Material U.S. Federal Income Tax Consequences of Stock Options
The following discussion of the principal U.S. federal income tax consequences with respect to options under the 2004 Plan is based on statutory authority and judicial and administrative interpretations as of the date of this proxy statement, which are subject to change at any time (possibly with retroactive effect) and may vary in individual circumstances. Therefore, the following is designed to provide a general understanding of the federal income tax consequences (state, local and other tax consequences are not addressed below). This discussion is limited to the U.S. federal income tax consequences to individuals who are citizens or residents of the U.S., other than those individuals who are taxed on a residence basis in a foreign country. The U.S. federal income tax law is technical and complex and the discussion below represents only a general summary.
The following summary is included herein for general information only and does not purport to address all the tax considerations that may be relevant. Each recipient of a grant is urged to consult his or her own tax advisor as to the specific tax consequences to such recipient of the grant and the disposition of common stock.
Stock Options. In general, an optionee will recognize no taxable income upon the grant of a non-qualified stock option and the Company will not receive a deduction at the time of such grant. Upon exercise of a non-qualified stock option, an optionee generally will recognize ordinary income in an
amount equal to the excess of the fair market value of the common stock on the date of exercise over the exercise price. Upon a subsequent sale of the common stock by the optionee, the optionee will recognize short-term or long-term capital gain or loss, depending upon his holding period for the common stock. Subject to the limitations of Section 162(m) of the Code and Section 280G of the Code (as described below), the Company will generally be allowed a deduction equal to the amount recognized by the optionee as ordinary income.
Section 162(m) of the Code. Section 162(m) of the Code denies a deduction to any publicly held corporation for compensation paid to certain covered employees in its taxable year to the extent that such compensation exceeds $1,000,000 and is not performance-based compensation. Covered employees are a companys chief executive officer on the last day of the taxable year and the three other most highly paid executive officers (other than the chief financial officer) whose compensation is required to be reported to stockholders in its proxy statement under the Exchange Act. Compensation paid to covered employees as a result of the exercise of non-qualified stock options granted in accordance with the terms of the 2004 Plan are intended to be performance-based compensation enabling the Company to receive a deduction for the full amount of such compensation without regard to the $1,000,000 cap.
Parachute Payments.
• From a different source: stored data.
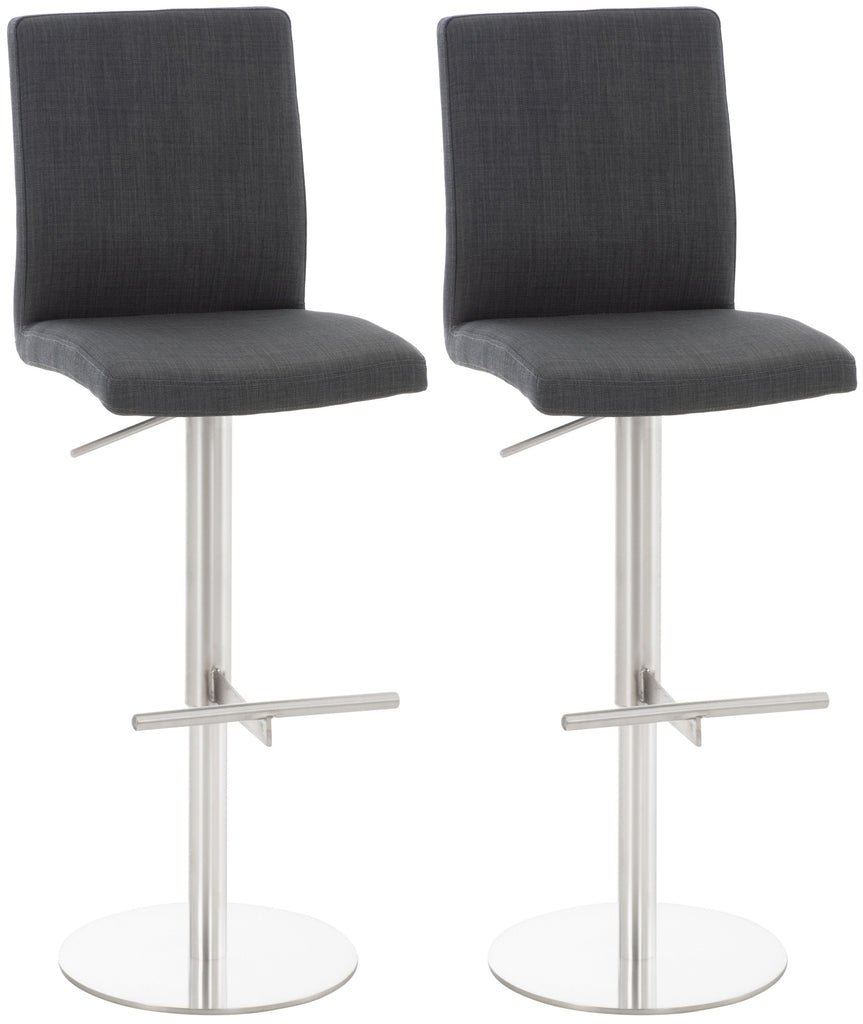 Lot de 2 tabourets de bar avec repose-pieds et dossier assise en tissu gris foncé cadre acier inoxydable 10_0006582
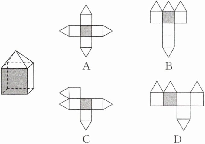B 【点拨】A,C选项涂有颜色的面是几何体的底面,与题意不符,D选项不能折成几何体,故选B.
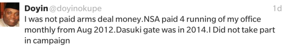 The former media aide to former President Goodluck Jonathan took to his twitter handle to deny claims that he partook in the sharing of the $2.1 billion arms deal…

In the event that the payment of any award under the 2004 Plan is accelerated because of a change in ownership (as defined in Code Section 280G(b)(2)) and such payment of an award, either alone or together with any other payments made to the participant, constitutes parachute payments under Section 280G of the Code, then, subject to certain exceptions, a portion of such payments would be nondeductible to the Company and the participant would be subject to a 20% excise tax on such portion.
THE AFFIRMATIVE VOTE OF THE HOLDERS OF A MAJORITY OF THE VOTES CAST BY OUR SHAREHOLDERS IN PERSON OR REPRESENTED BY PROXY AND ENTITLED TO VOTE ON THE RE-APPROVAL OF THE PERFORMANCE GOALS UNDER THE 2004 PLAN AT THE ANNUAL MEETING IS REQUIRED TO RE-APPROVE SUCH GOALS.